Address Litigation and Defensive Medicine
Tort reform eliminates ridiculous litigation, averts the waste related to physicians performing unnecessary tests as they practice “defensive” medicine, and could reduce healthcare costs by another $200 billion a year.
Wellness and Prevention
Here’s where we must have inspired and credible political leadership to fill the current void and raise the collective national consciousness.
Most of us can remember how government-led campaigns changed behavior through vivid imagery that etched into our memories messages with impact: Smokey Bear’s sad reminder that “Only you can prevent forest fires”; the crash-test dummies Vince and Larry, serving as a testimonial for seatbelt safety by suggesting that “You can learn a lot from a dummy”; …

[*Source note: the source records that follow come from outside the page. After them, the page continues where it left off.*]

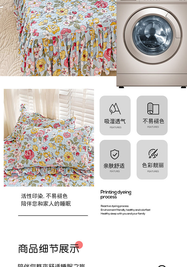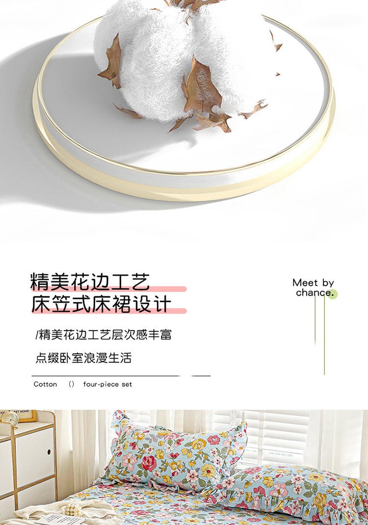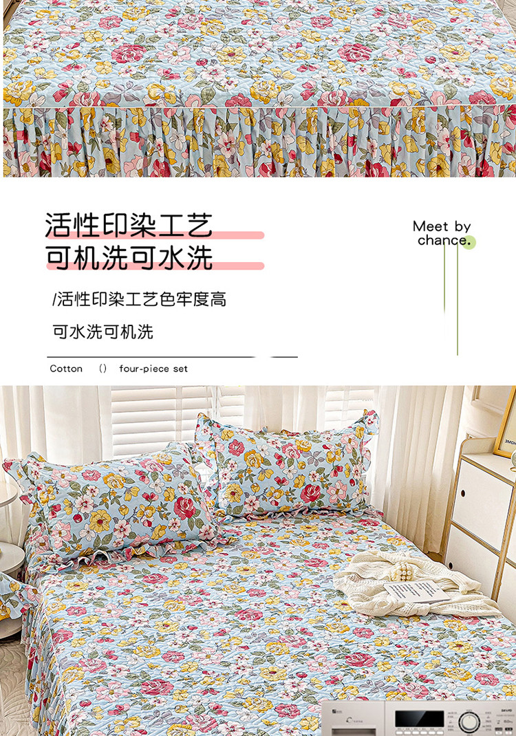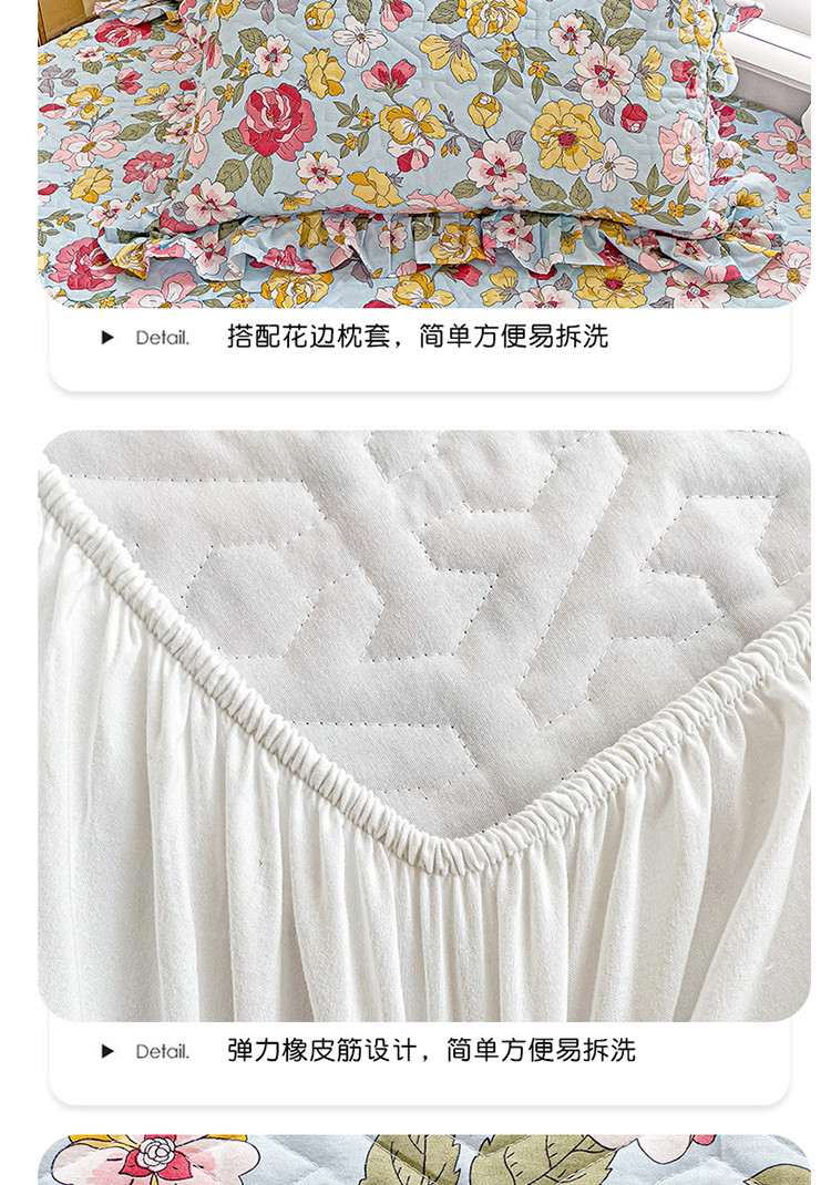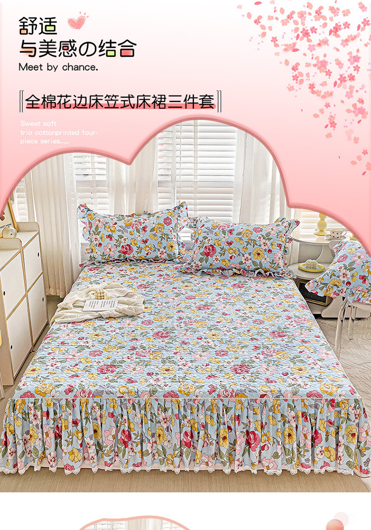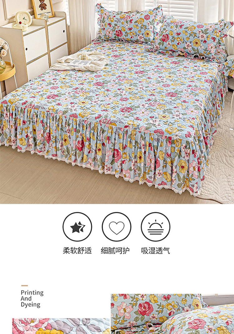 • 91家纺网 家纺一手货源 找家纺 罗艺轩 2024新款全棉花边床笠式夹棉床裙三件套波塞尔庄园繁花似锦
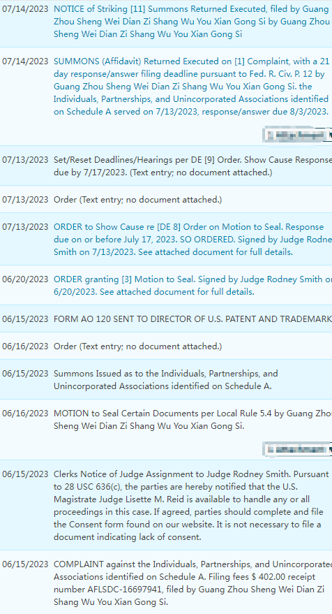 SUMMONS (Affidavit) Returned Executed on [1] Complaint, with a 21 day response/answer filing deadline pursuant to Fed. R. Civ. P. 12 by Guang Zhou Sheng Wei Dian Zi Shang Wu You Xian Gong Si. the Individuals, Partnerships, and Unincorporated Associations identified on Schedule A served on 7/13/2023, response/answer due 8/3/2023.
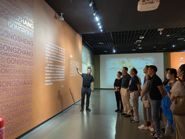 在“共有的家园:铸牢中华民族共同体意识陈列展”展厅,历史与社会学院副院长严学勤从专业角度为党员详细讲解了展厅的文物背后的故事,重点强调了铸牢中华民族共同体意识的重要性。通过观看共拓中华疆域、共书中华历史、共创中华文化、共铸中华之魂四个篇章的展览,大家一起沿着中华民族历史发展轴线,通过现代信息技术手段从一件件精美的艺术作品、珍贵的影像资料中,全景式深入了解新疆各族人民在漫长的历史长河里,与全国各族人民一道共同开拓辽阔疆域、共同书写悠久历史、共同创造灿烂文化、共同培育伟大精神的壮阔史诗。
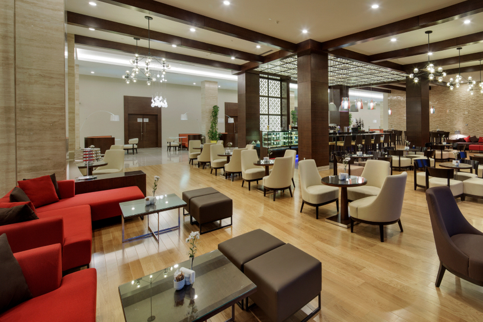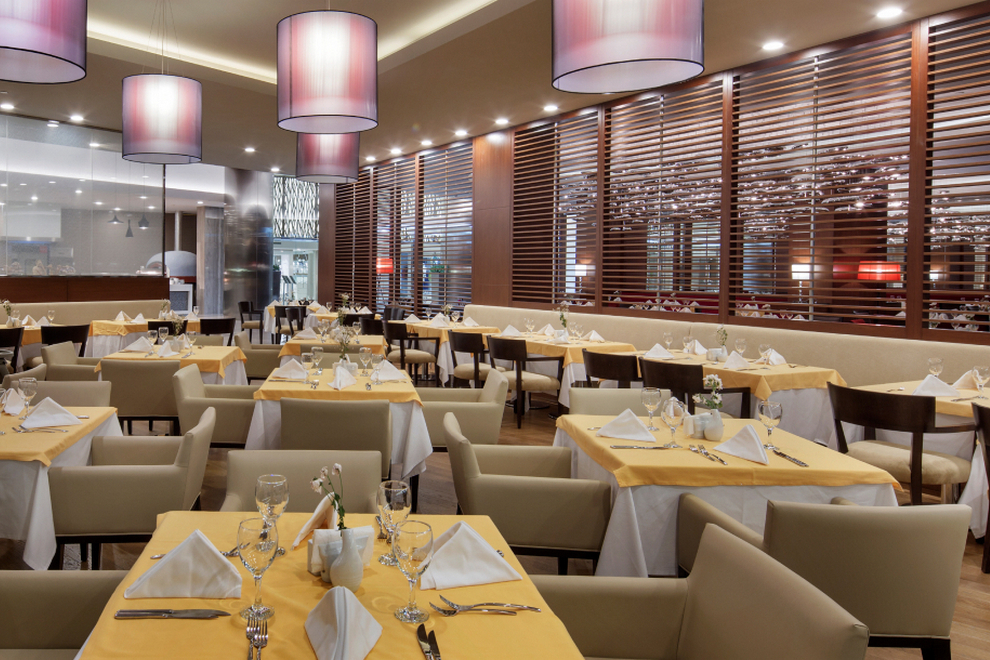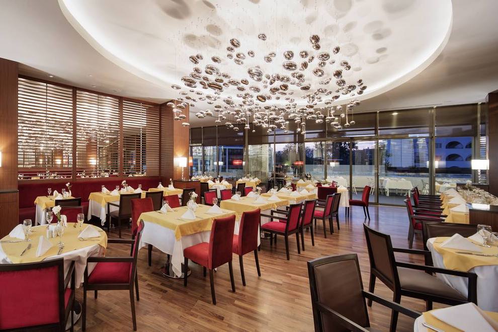 На разположение на гостите са основен ресторант и 3 а`ла карт ресторанта: рибен, турски и италиански. Освежаващи напитки и закуски се сервират в 6 бара.

The private sector can never be expected to drive behavioral change, although we’ve seen employers make valiant attempts at implementing programs to lower healthcare costs – efforts that unfortunately are doomed to fall short. These range from positive reinforcement – discounted health club memberships and bonuses for employees who meet certain fitness targets – to surcharges for employees who smoke. Meantime, HMOs and other insurers have adopted low- or no-cost preventative programs for baby wellness visits, routine check-ups, mammographies, and other procedures that are designed to detect issues early instead of simply providing treatment after the fact. Such initiatives are only likely to succeed if we make wellness a national imperative, something that requires political leadership and personal responsibility. In the end, each of us must take on greater accountability for making positive choices in our lifestyle.
I do think one could make the argument that a parallel strategy to that suggested for enhancing Wellness and Prevention (i.e., “inspired and credible political leadership to fill the current void and raise the collective national consciousness”) could also be implemented to enhance compliance. Even so, kind of public service announcements and ad campaigns to which Mr. Snow points have not, to my knowledge, shown more than short term gains when applied to patient compliance (e.g., ad campaigns to encourage participation in mammogram screening). And, more to the point, Mr. Snow did not himself suggest that as a compliance solution.

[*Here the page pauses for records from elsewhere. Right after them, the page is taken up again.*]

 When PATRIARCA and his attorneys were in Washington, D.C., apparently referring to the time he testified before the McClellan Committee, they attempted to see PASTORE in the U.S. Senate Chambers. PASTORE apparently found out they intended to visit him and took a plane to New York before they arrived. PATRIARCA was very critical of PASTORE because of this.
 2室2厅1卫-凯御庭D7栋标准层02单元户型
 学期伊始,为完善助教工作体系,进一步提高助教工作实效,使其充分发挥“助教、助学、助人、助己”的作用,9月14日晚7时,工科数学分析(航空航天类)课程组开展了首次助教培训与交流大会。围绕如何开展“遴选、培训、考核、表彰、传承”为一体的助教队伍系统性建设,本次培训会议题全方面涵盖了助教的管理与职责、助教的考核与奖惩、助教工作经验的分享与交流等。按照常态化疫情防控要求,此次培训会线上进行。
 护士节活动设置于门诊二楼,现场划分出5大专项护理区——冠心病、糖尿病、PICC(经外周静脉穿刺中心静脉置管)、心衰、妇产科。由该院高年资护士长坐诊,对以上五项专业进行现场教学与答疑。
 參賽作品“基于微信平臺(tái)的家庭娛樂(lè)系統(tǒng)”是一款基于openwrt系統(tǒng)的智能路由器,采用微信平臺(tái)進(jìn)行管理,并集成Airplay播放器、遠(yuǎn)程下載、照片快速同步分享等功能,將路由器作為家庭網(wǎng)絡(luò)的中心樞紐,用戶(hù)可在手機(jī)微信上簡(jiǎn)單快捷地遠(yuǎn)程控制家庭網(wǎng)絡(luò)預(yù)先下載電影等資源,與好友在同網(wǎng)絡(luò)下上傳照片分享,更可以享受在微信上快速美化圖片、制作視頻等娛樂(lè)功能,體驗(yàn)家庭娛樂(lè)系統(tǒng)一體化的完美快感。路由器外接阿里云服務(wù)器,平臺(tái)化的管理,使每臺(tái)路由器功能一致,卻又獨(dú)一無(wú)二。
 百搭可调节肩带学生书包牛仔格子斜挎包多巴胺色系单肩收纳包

In closing, Mr. Snow observes that while the federal government, individual patients, clinicians, and hospitals have either directly caused this set of problems or failed to take advantage of opportunities to correct them, there are – thank goodness – some organizations making heroic efforts to save us from ourselves.
After earlier bemoaning the unfair demonizing of HMOs, he approvingly notes that
HMOs and other insurers have adopted low- or no-cost preventative programs for baby wellness visits, routine check-ups, mammographies, and other procedures that are designed to detect issues early instead of simply providing treatment after the fact.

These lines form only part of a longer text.